Mobile coupons are on the rise, which should come as no surprise.
This is hardly to say paper coupons are dying, though the economics would imply they should be.
A mailed coupon costs a brand or retailer 25 cents, a printed newspaper coupon costs about 5
cents and a coupon that a consumer prints at home costs a retailer pretty much nothing, based on a recent study by Juniper Research.
Only about one percent of paper coupons are redeemed,
fueling the natural migration to digital.
But a coupon delivered to a mobile phone can be much more relevant than one to a PC, causing a major move to mobile coupons.
More than 31
billion digital coupons will be redeemed annually within three years, up from about 16 billion this year, according to Juniper. And most of those will come via mobile devices.
Of the 31
billion digital coupons, almost three quarters (73%) will come via mobile, with most (85%) not printed at home.
The digital writing is on the wall.
There are numerous indications that
mobile coupons and their redemption rates could be explosive.

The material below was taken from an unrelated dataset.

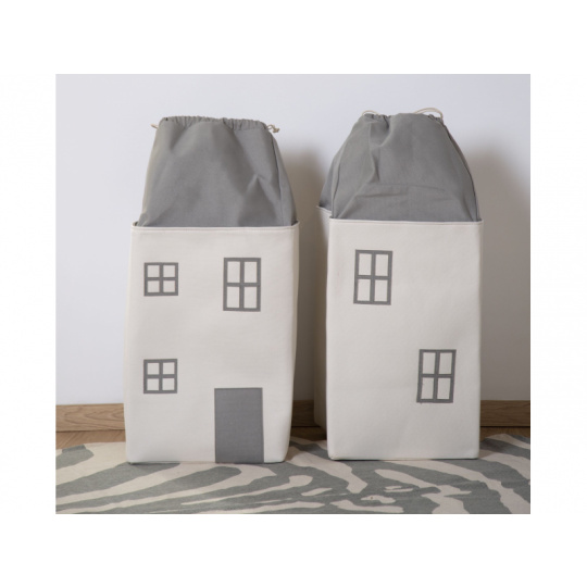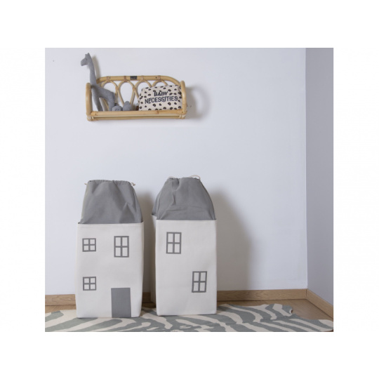 Originální box na hračky v podobě domu se stane krásným doplňkem dětského i obývacího pokoje. Box je vyroben z pevného polyesterového plátna s podšívkou. Stahovací šňůrka umožňuje uzavření boxu. Rozměry: 73 x 32 x 32 cm.

This is not only because consumers like deals, but also because they’re becoming easier to attain. This is one of the
reasons that apps like RetailMeNot, Retale and SnipSnap are so hot: they deliver deals where and when shoppers want them, near or in a store.
And it’s likely to get even easier.
The monster retail mobile payment venture CurrentC plans to automatically apply coupons and loyalty programs during the payment process, as we wrote about here yesterday (Softcard, CurrentC: The New, Big Names in Mobile Payments).
Coupons are
starting to find consumers rather than consumers finding them.
In one recent back-to-school study of 1,000 parents with school-aged children conducted by the Toluna Research Group for Retale,
the large majority (92%) of mobile shoppers access coupons.
Of mobile shoppers who want to receive relevant ads while in a store, almost half (47%) said they wanted to receive coupons, the top
choice, based on a study of 200 consumers in charge of back-to-school shopping for their families, conducted by Google Consumer Surveys for Thinknear by Telenav.
Like many other aspects of
mobile commerce, not all segments in the market transition are impacted identically or at least at the same time.
For example, the majority of grocery store brands still rely on consumers to
print coupons at home for in-store redemption, according to research by L2.
While more than a third (36%) of food brands have coupon sections on their websites, only a quarter (24%) offer them
during the time that consumers are researching, searching and collecting data period of their shopping trip.
About 329 billon coupons for consumer packaged goods were distributed last year and
3 billion were redeemed, according to the Inmar 2014 Coupon Trends Report.
There are some very big coupon numbers poised to move to mobile.